The small & medium enterprises (SMEs) segment is expected to have the highest CAGR during the forecast period
Over the forecast period, the small & medium enterprises (SMEs) segment is predicted to witness the highest growth rate supported by rising adoption of affordable cloud-based generative AI solutions. SMEs benefit from pay-per-use models that lower entry barriers and enable experimentation. Generative AI supports SMEs in marketing, product design, and customer engagement without heavy infrastructure costs. Cloud-native platforms provide flexibility and scalability tailored to SME needs. Growing reliance on digital-first strategies is reinforcing demand in this segment. As SMEs embrace AI-driven innovation generative AI adoption is propelling growth in the market.
During the forecast period, the North America region is expected to hold the largest market share driven by advanced cloud infrastructure strong AI adoption and early investment in generative platforms by enterprises. The presence of leading technology providers and mature digital ecosystems supports large-scale deployments. Regulatory emphasis on innovation and compliance drives adoption of secure AI platforms. Enterprises in North America prioritize automation and customer engagement through generative AI. High demand for AI-driven content creation further strengthens adoption. North America's mature digital landscape is fostering sustained growth in the market.
Over the forecast period, the Asia Pacific region is anticipated to exhibit the highest CAGR fueled by rapid industrialization expanding cloud adoption and government-led digital initiatives across emerging economies. Countries such as China, India, and Southeast Asia are investing heavily in AI infrastructure and generative platforms. Rising demand for e-commerce, fintech, and healthcare innovation strengthens adoption of generative AI solutions. Local enterprises are deploying scalable platforms to meet growing digital needs. Expanding digital ecosystems are reinforcing the role of AI in enterprise modernization.
Key players in the market
Some of the key players in Generative AI Platform Market include Microsoft Corporation, Google LLC, Amazon Web Services, Inc., IBM Corporation, OpenAI, Inc., Anthropic PBC, Cohere Inc., Stability AI Ltd., Hugging Face, Inc., Salesforce, Inc., SAP SE, Oracle Corporation, Adobe Inc., NVIDIA Corporation and Meta Platforms, Inc.
In June 2024, OpenAI completed the acquisition of Rockset, a real-time analytics database startup. This technology is being integrated to power OpenAI's retrieval infrastructure, enabling faster and more efficient data processing for enterprise clients.

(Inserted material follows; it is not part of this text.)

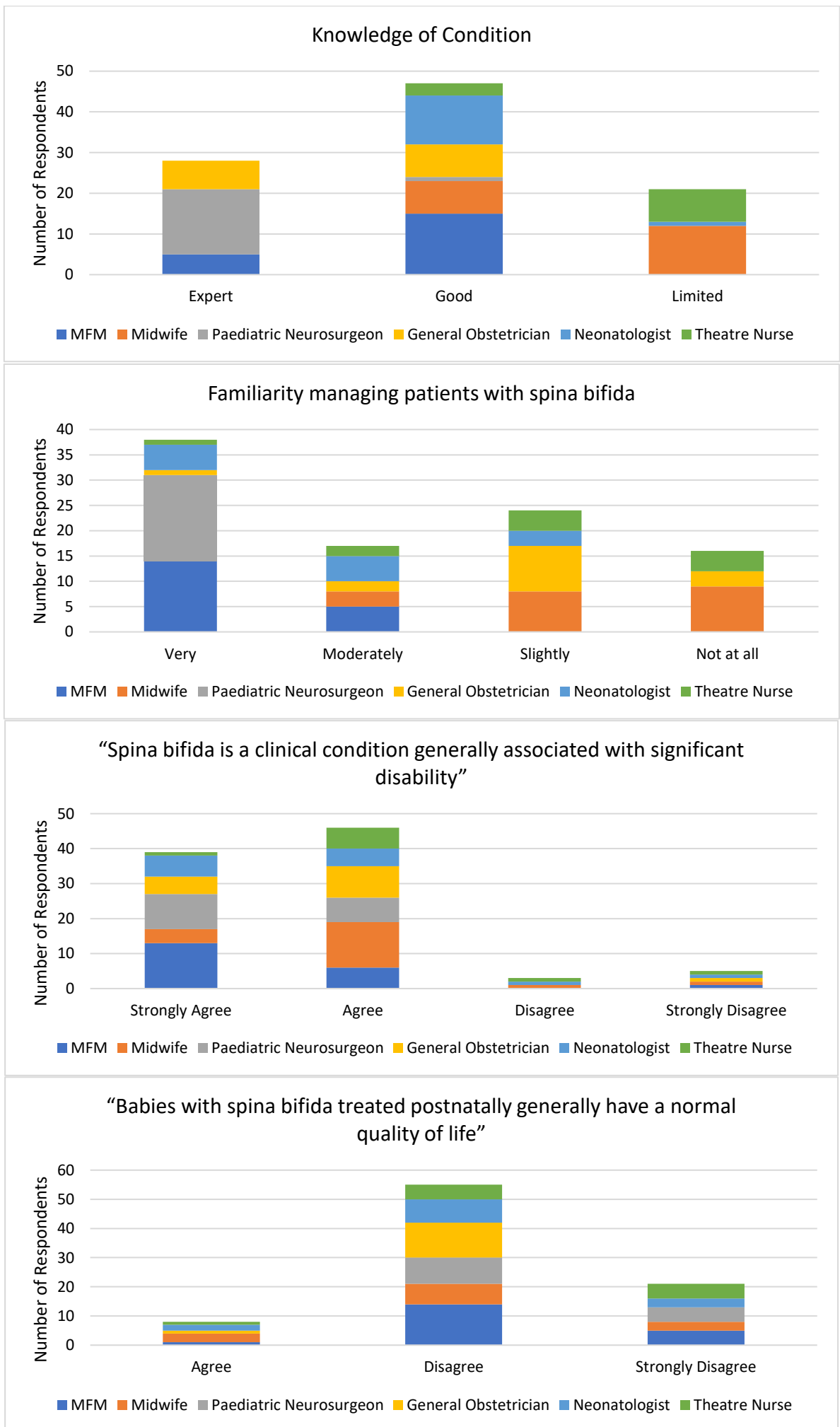
Figure 1: Knowledge and Opinions Regarding Spina Bifida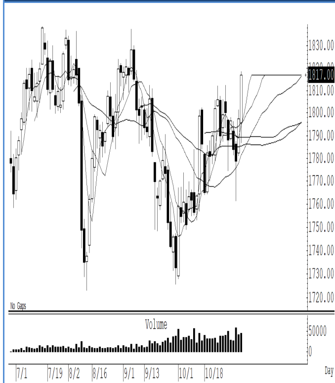
GOZ21 (Close 1,817.00 Chg 19.60)

ราคาทองคำโลกฟื้นตัวดีกว่าพอสมควร สั้น ๆ ไม่ต่ำกว่าแถว ๆ 1,800 ดอลลาร์ แนะนำ เปิด long หวังผลปรับตัวขึ้นไปแถว ๆ 1,835 ดอลลาร์ ระวัง กำไร ในกรณีนี้ที่ปิดต่ำกว่า 1,797 ดอลลาร์ แนะนำ ถือ short

In May 2024, Google acquired Cameyo, a provider of virtual application delivery solutions, to deeply integrate its technology into ChromeOS. This is a strategic move to enhance enterprise capabilities and is directly tied to Google's broader AI-powered workspace ecosystem.
Note: Tables for North America, Europe, APAC, South America, and Middle East & Africa Regions are also represented in the same manner as above.